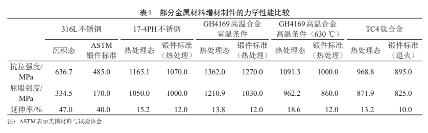 世界範圍內(nei) 增材製造相關(guan) 的新工藝、新原理、新材料、新應用不斷湧現,4D打印、空間3D打印、電子3D打印、細胞3D打印、微納3D打印等新概念層出不窮。針對工程塑料、陶瓷、樹脂基纖維增強複合材料等的增材製造技術逐漸成熟,適用材料的種類與(yu) 應用範圍有所拓展,典型金屬增材製造結構的力學性能趨於(yu) 穩定甚至部分超過鍛件性能(見表1)。高熵非晶合金等新種類合金材料的成分設計、材料基因組設計、多材料功能梯度結構、超材料結構、仿生材料及其結構、具有電磁屏蔽功能的複合材料結構、材料結構功能一體(ti) 化設計、3D打印納米結構、軸向立體(ti) 光刻打印、4D 打印智能材料、活體(ti) 細胞打印、極端環境下的增材製造及應用等創新型、交叉性技術研究進展明顯。無支承金屬成形、大幅麵高能束密集陣列區域化選區熔化金屬(或燒結尼龍)成型、金屬摩擦沉積製造、混合製造、多機器人協作的大尺寸結構的增材製造等先進成形工藝獲得突破。增材製件長周期服役的顯微組織演變規律、人工智能檢測成形過程缺陷、機器學習(xi) 改進材料成分增強綜合性能、耐高溫合金材料組織 ‒ 性能的熱處理調控工藝等前沿基礎研究成果豐(feng) 富。
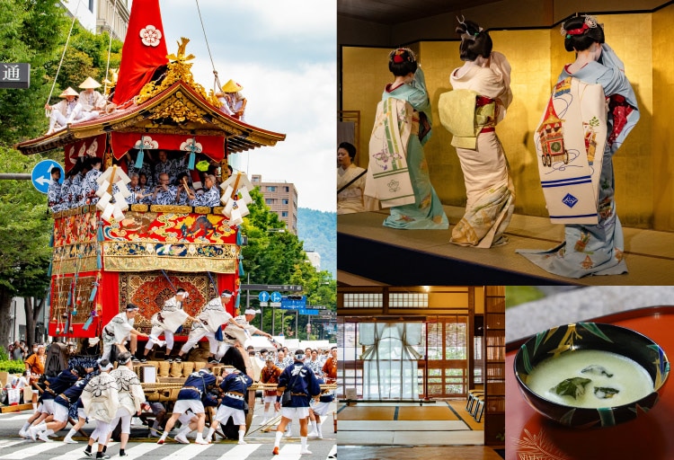 京都の夏を彩る祇園祭を、とっておきのおもてなしとともに楽しめる2つのプランをご用意。山鉾巡行のハイライト「辻廻し」をカード会員様だけの特等席で堪能できるプランと、歴史ある京町家で、祇園甲部の芸舞妓の京舞や民俗学者による祭にまつわるお話などが楽しめるプラン。両プランにお申し込みいただけます。
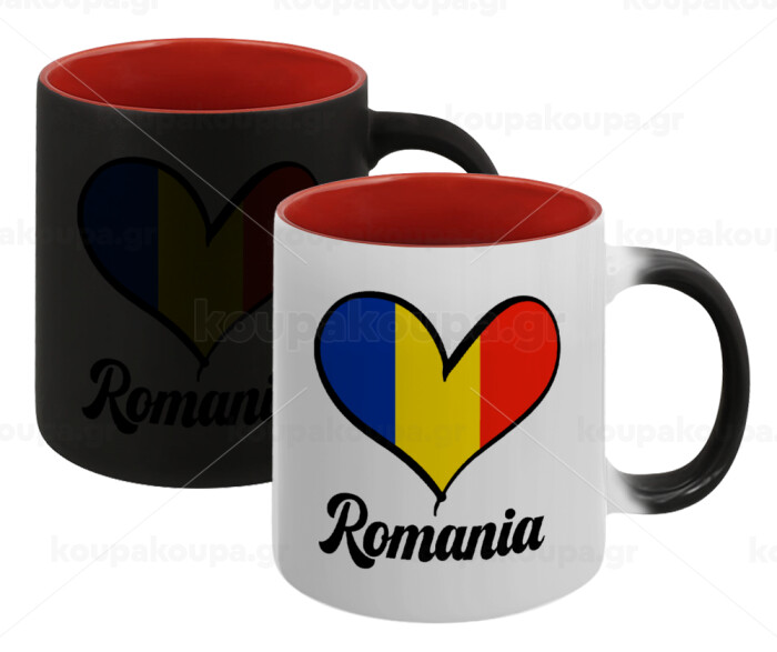 Romania flag, Κούπα Μαγική εσωτερικό κόκκινο, κεραμική, 330ml που αλλάζει χρώμα με το ζεστό ρόφημα
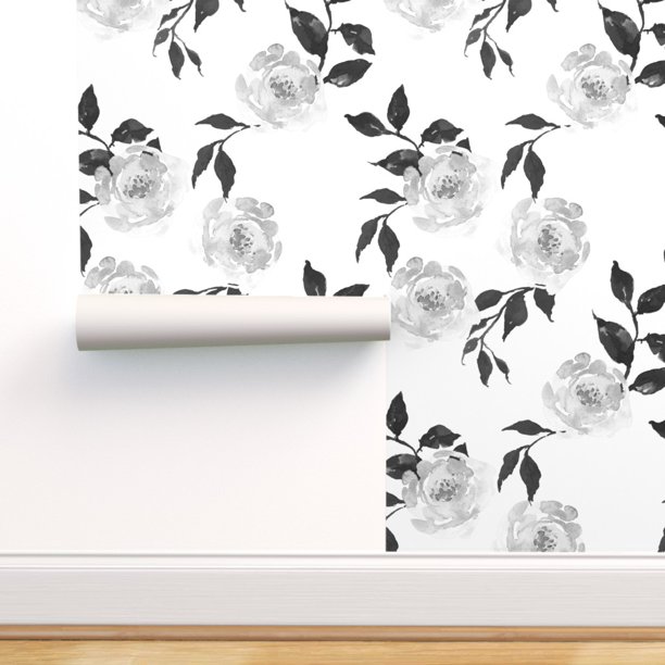 Peel-and-Stick Removable Wallpaper Black And White Large Scale Floral
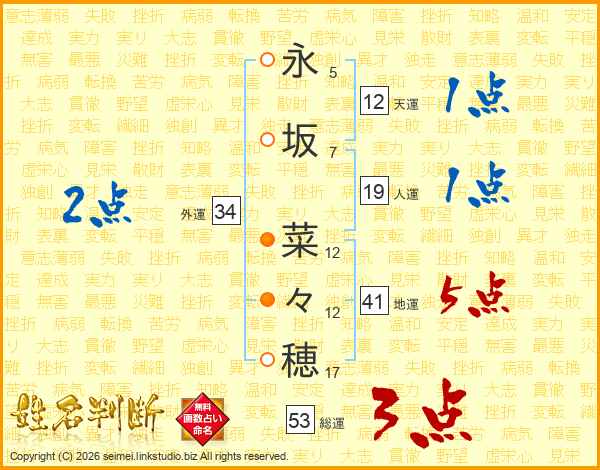 永坂菜々穂さんの総運は53画の3点!
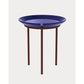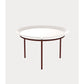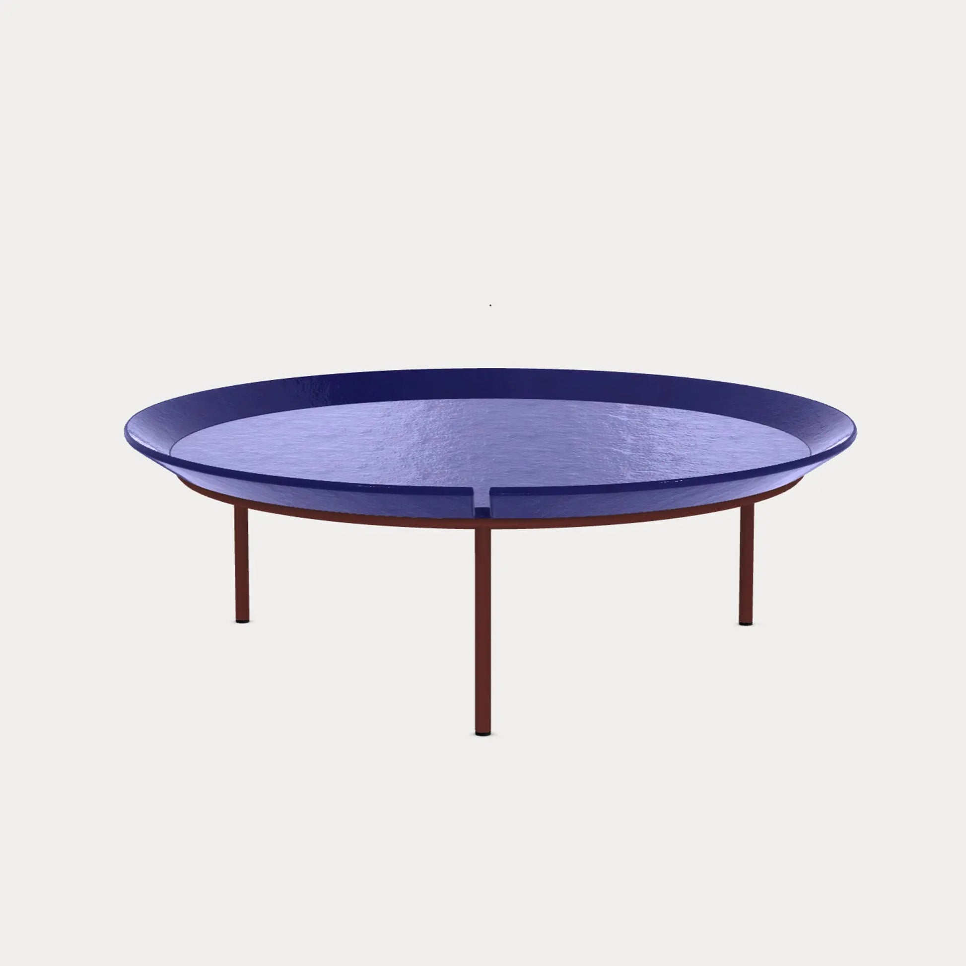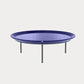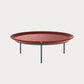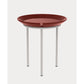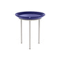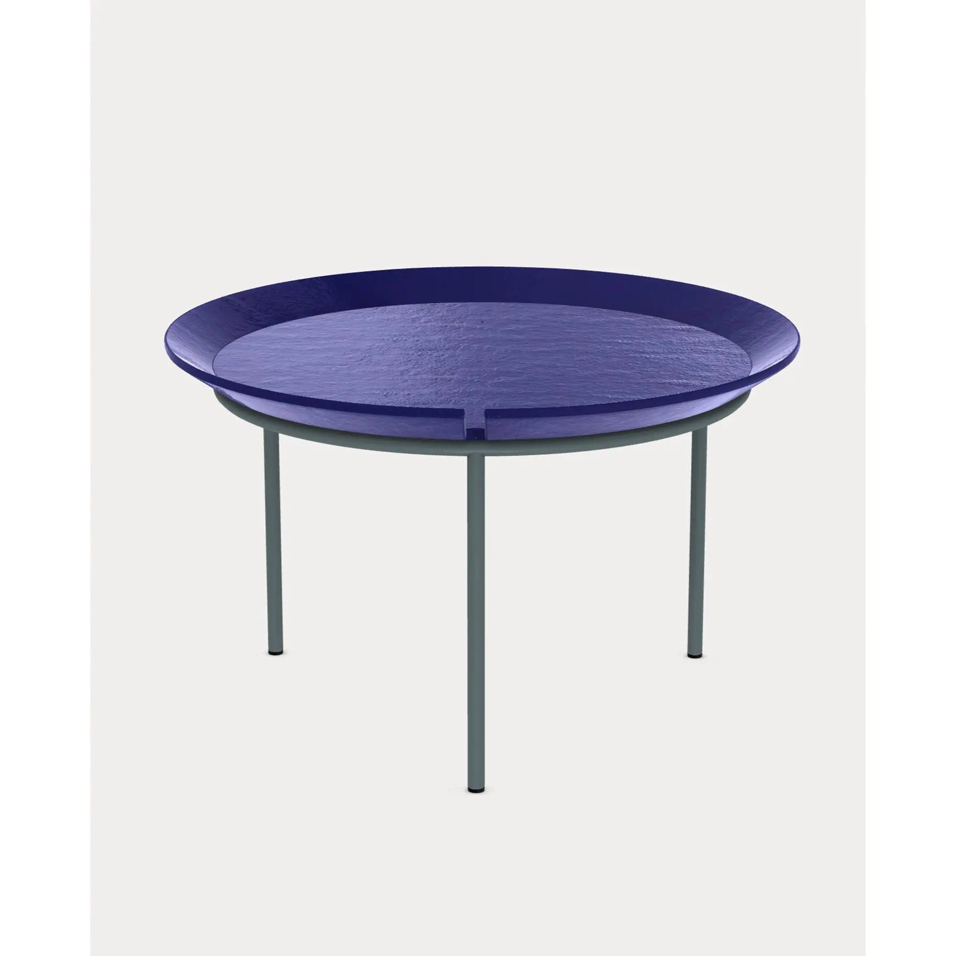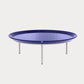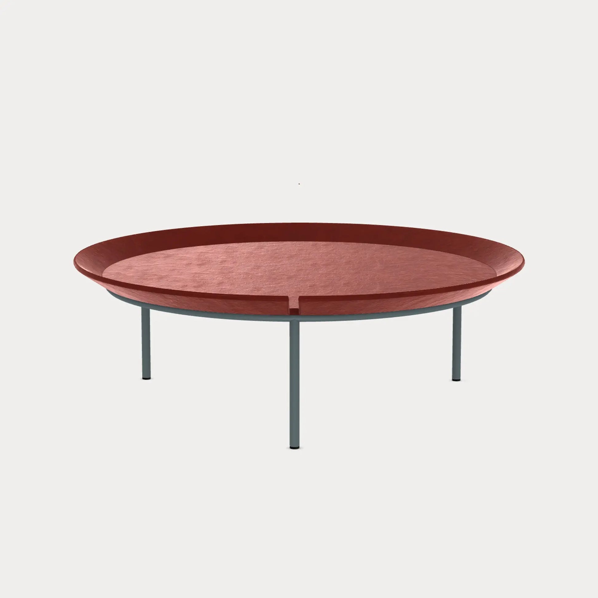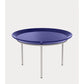 Table with lacquered stainless steel tubular base in matte pearl, oxido or slate. Table top in white, red or blue Millgres.
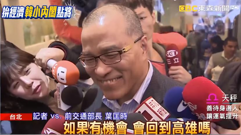 前交通部長葉匡時:「我是北漂老人(如果有機會,會回到高雄嗎?)沒有沒有(如果有機會,願意漂回去嗎?)不回答假設性問題好不好。」

**The problem:** Return the material as it stands. Leave out the pictures.

**Worked solution:**
 世界範圍內(nei) 增材製造相關(guan) 的新工藝、新原理、新材料、新應用不斷湧現,4D打印、空間3D打印、電子3D打印、細胞3D打印、微納3D打印等新概念層出不窮。針對工程塑料、陶瓷、樹脂基纖維增強複合材料等的增材製造技術逐漸成熟,適用材料的種類與(yu) 應用範圍有所拓展,典型金屬增材製造結構的力學性能趨於(yu) 穩定甚至部分超過鍛件性能(見表1)。高熵非晶合金等新種類合金材料的成分設計、材料基因組設計、多材料功能梯度結構、超材料結構、仿生材料及其結構、具有電磁屏蔽功能的複合材料結構、材料結構功能一體(ti) 化設計、3D打印納米結構、軸向立體(ti) 光刻打印、4D 打印智能材料、活體(ti) 細胞打印、極端環境下的增材製造及應用等創新型、交叉性技術研究進展明顯。無支承金屬成形、大幅麵高能束密集陣列區域化選區熔化金屬(或燒結尼龍)成型、金屬摩擦沉積製造、混合製造、多機器人協作的大尺寸結構的增材製造等先進成形工藝獲得突破。增材製件長周期服役的顯微組織演變規律、人工智能檢測成形過程缺陷、機器學習(xi) 改進材料成分增強綜合性能、耐高溫合金材料組織 ‒ 性能的熱處理調控工藝等前沿基礎研究成果豐(feng) 富。
 京都の夏を彩る祇園祭を、とっておきのおもてなしとともに楽しめる2つのプランをご用意。山鉾巡行のハイライト「辻廻し」をカード会員様だけの特等席で堪能できるプランと、歴史ある京町家で、祇園甲部の芸舞妓の京舞や民俗学者による祭にまつわるお話などが楽しめるプラン。両プランにお申し込みいただけます。
 Romania flag, Κούπα Μαγική εσωτερικό κόκκινο, κεραμική, 330ml που αλλάζει χρώμα με το ζεστό ρόφημα
 Peel-and-Stick Removable Wallpaper Black And White Large Scale Floral
 永坂菜々穂さんの総運は53画の3点!
 Table with lacquered stainless steel tubular base in matte pearl, oxido or slate. Table top in white, red or blue Millgres.
 前交通部長葉匡時:「我是北漂老人(如果有機會,會回到高雄嗎?)沒有沒有(如果有機會,願意漂回去嗎?)不回答假設性問題好不好。」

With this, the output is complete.